Pollard has been warned that many donors’ families don’t want contact with the recipient, because it makes them relive their loved ones’ death. Heart donors, in particular, are often accident victims who were otherwise healthy.

“If it’s a healthy heart, that’s because something else killed them,” Pollard said. “I hope they reach out, because I would like to include them in the rest of my life.”

That life has already improved.

Even after he retired from the NBA, Pollard liked to keep busy – with broadcasting, a few acting roles and as a reality show contestant. But over the last few months, he needed to stop to rest even just walking around the house.

It was only when he woke up after the five-hour surgery that he realized how bad things had gotten.

“I was laying around all the time. That just became my new normal,” he said. “As an athlete, you just sort of put things out of your mind. You push through it. But I couldn’t push that heart. I can already tell I can push this heart.”

After the transplant, which was performed by Dr. Ashish Shah, Pollard was walking around the hospital ward within a day. He is now up to “easy squats,” and working on his balance.

“I’m a mover. I don’t sit around well,” Pollard said.

On Thursday, Pollard danced and shadow-boxed his way down the hospital corridor in a tank top that said “BUT DID YOU DIE?” His care-givers applauded as he yelled “I’m getting out!” and mugged for a camera as he rang the discharge bell.
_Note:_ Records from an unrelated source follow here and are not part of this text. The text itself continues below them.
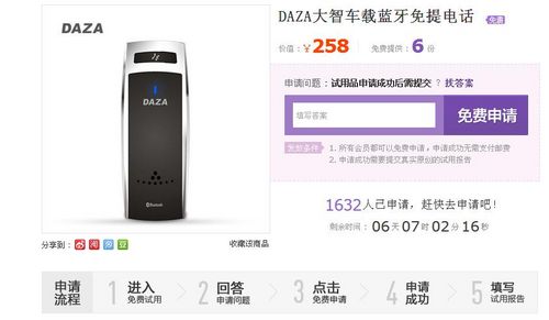 用戶免費(fèi)拿車載藍(lán)牙免提的方式十分簡(jiǎn)單,大家只需在5月27日至6月2日期間,前往天貓商城的大智官方(微博:http://e.weibo.com/szdaza)網(wǎng)店,找到B164這款寶貝,動(dòng)動(dòng)鼠標(biāo),回答問(wèn)題之后提交產(chǎn)品試用申請(qǐng),隨后就有可能得到由大智送出的車載藍(lán)牙免提B164一臺(tái)。
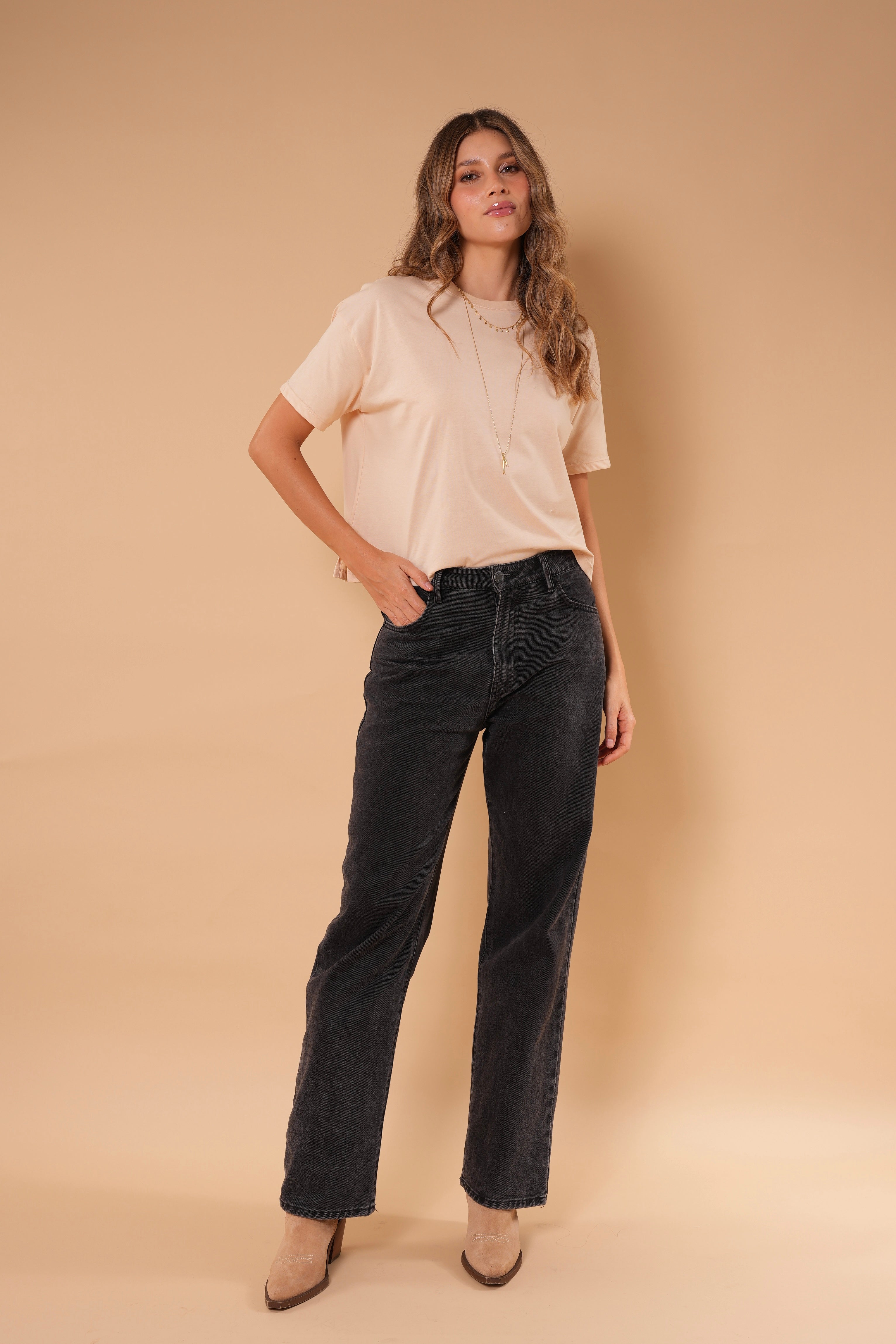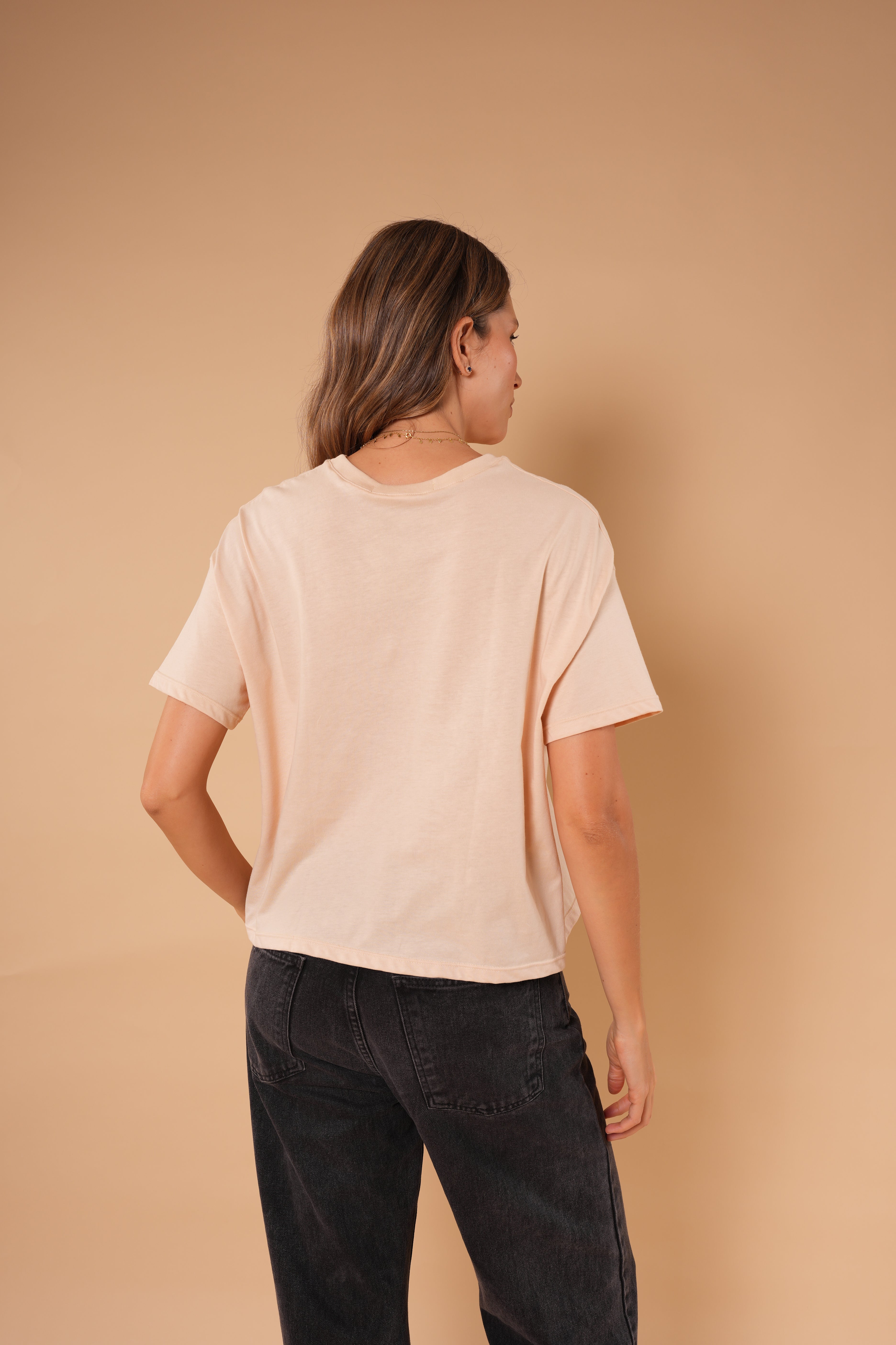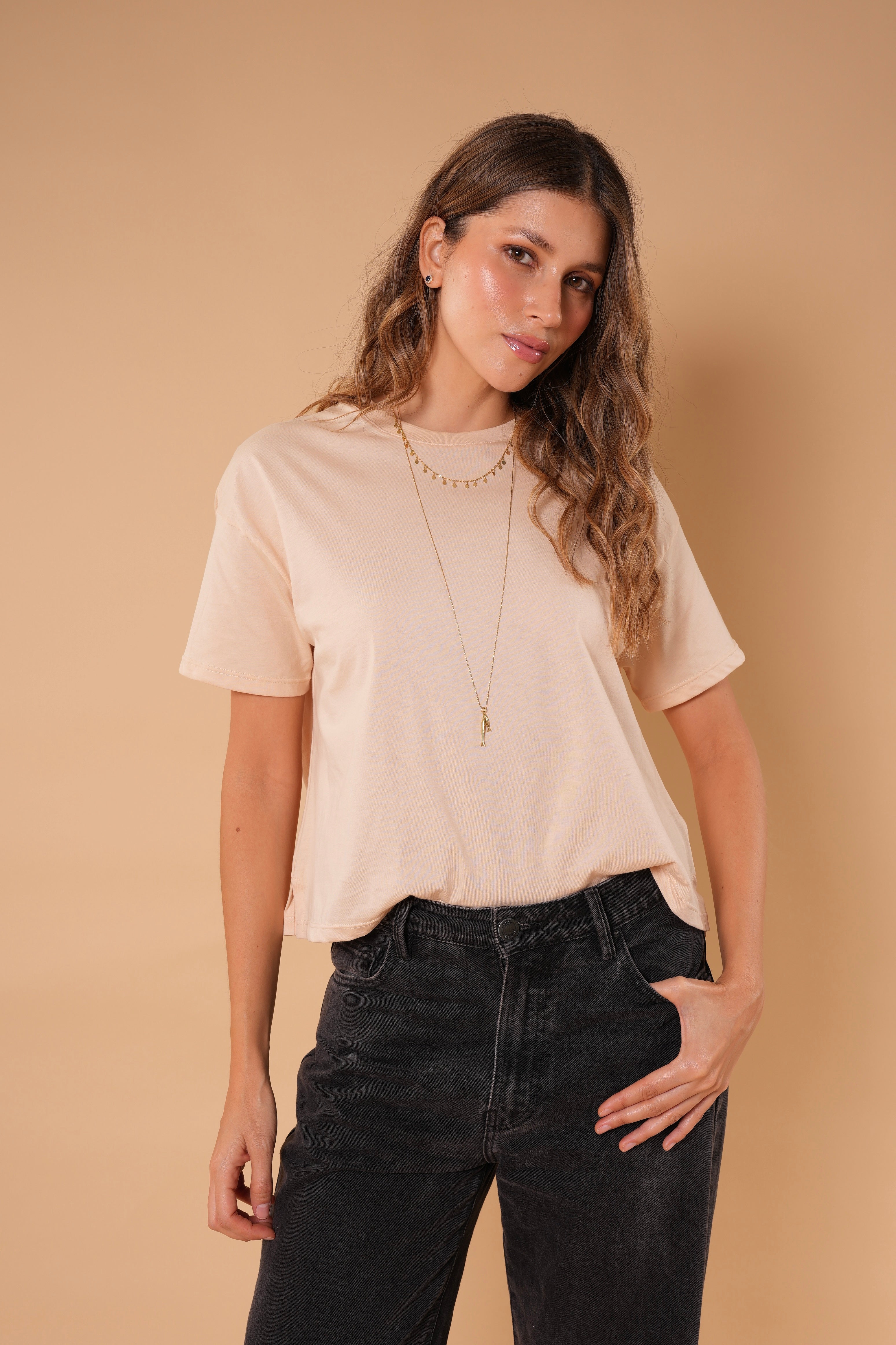 Camiseta beige básica de silueta relajada y manga corta, confeccionada en algodón Peruano para una sensación fresca y cómoda.
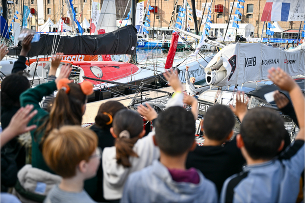 Venus de toute la Normandie, certains découvrent la course : « ils sont drôlement forts d’aller jusqu’en Martinique en bateau ! ». L’insouciance de l’enfance a séduit aussi les marins, ravis de revenir aux basiques à travers leurs regards et leurs mots. Car pour la première fois, la ville du Havre organisait une rencontre à grande échelle entre 16 classes primaires de l’agglomération du Havre et des skippers de toutes les classes. Dans une des salles du cinéma Pathé sur les Docks, des dizaines de petites mains se lèvent, pressées de poser leur questions, parfois sans filtres... « Vous avez déjà pleuré en mer ? » demande sans ciller Saïna ! « Oui, beaucoup, quand j’ai perdu ma quille lors d’une course» reconnaît Nick Moloney (BE WATER POSITIVE). Des moments qui se sont prolongés sur les pontons avec séance d'autographes, apprentissage des nœuds marins et découverte de la voile sur l’eau. Sur 223 baptêmes effectués aujourd’hui, 118 étaient des élèves qui n’avaient jamais fait de voile pour la plupart, comme un avant-goût des vacances !
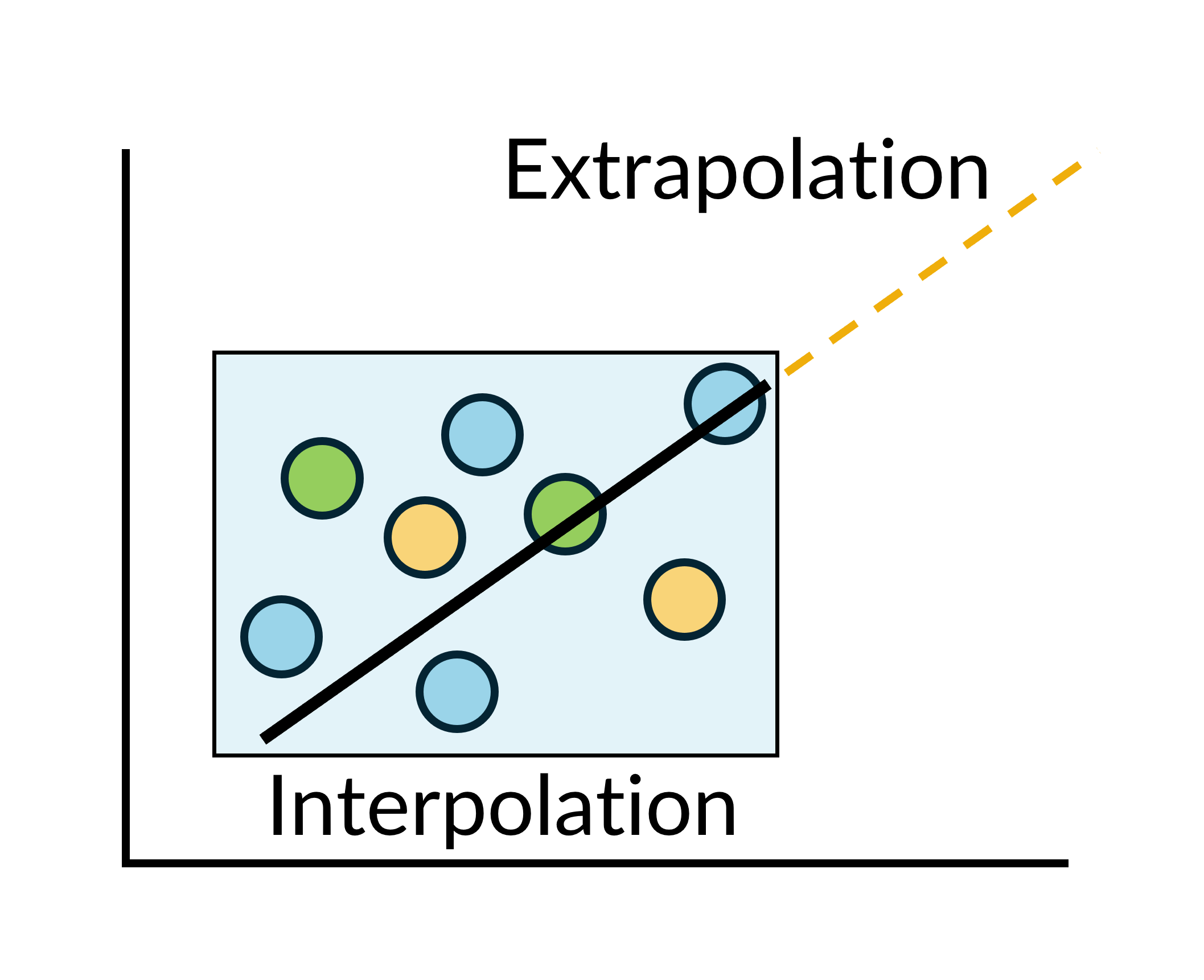 When we substitute a value that lies within the range of values of that variable in our known data, we call this an interpolation (inter = between). The strength of the relationship between the variables influences how confident we can be about the outcomes of this prediction.
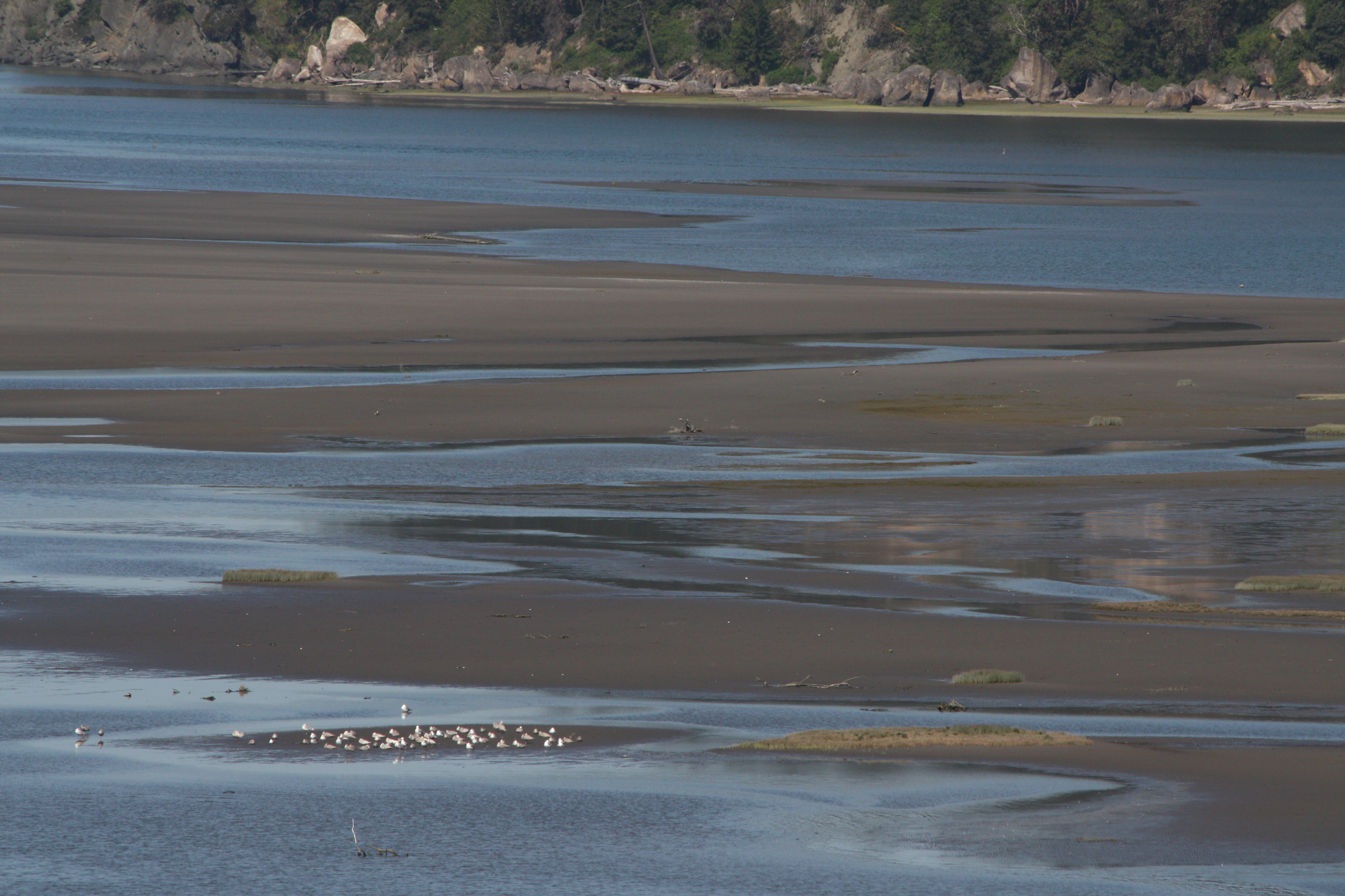 갯벌은 수많은 철새와 텃새에게 중요한 서식지 또는 중간 기착지 역할을 한다. 특히, 북반구 번식지와 남반구 비번식 지역을 이동하는 철새들에게 갯벌은 필수적인 쉼터가 된다.[8]하구나 석호(潟湖)에 발달하는 갯벌은 담수와 해수가 섞이는 기수역이 되는 경우가 많다. 이곳에는 옆새우와 같이 기수역에 특화된 생물들이 서식하며, 치어와 어린 물고기들의 서식지로도 중요하다. 이러한 생물들을 먹이로 하는 흰뺨검둥오리, 제비갈매기, 도요·도요류 등 다양한 조류가 갯벌을 찾는다.

Pollard said he is going to campaign for organ donation.

“I’m going to annoy people with becoming a donor. That’s going to be a project for the rest of my life,” he said.

He’s already helped convince one person to sign up.

“I had never considered being an organ donor, because I wasn’t really educated about it and there were some fears when I thought about the process,” Dawn Pollard said. “It became our reality that Scot needed a heart, so I immediately got registered. I am proud to be an organ donor now. It makes me feel good knowing I could be helping someone live.”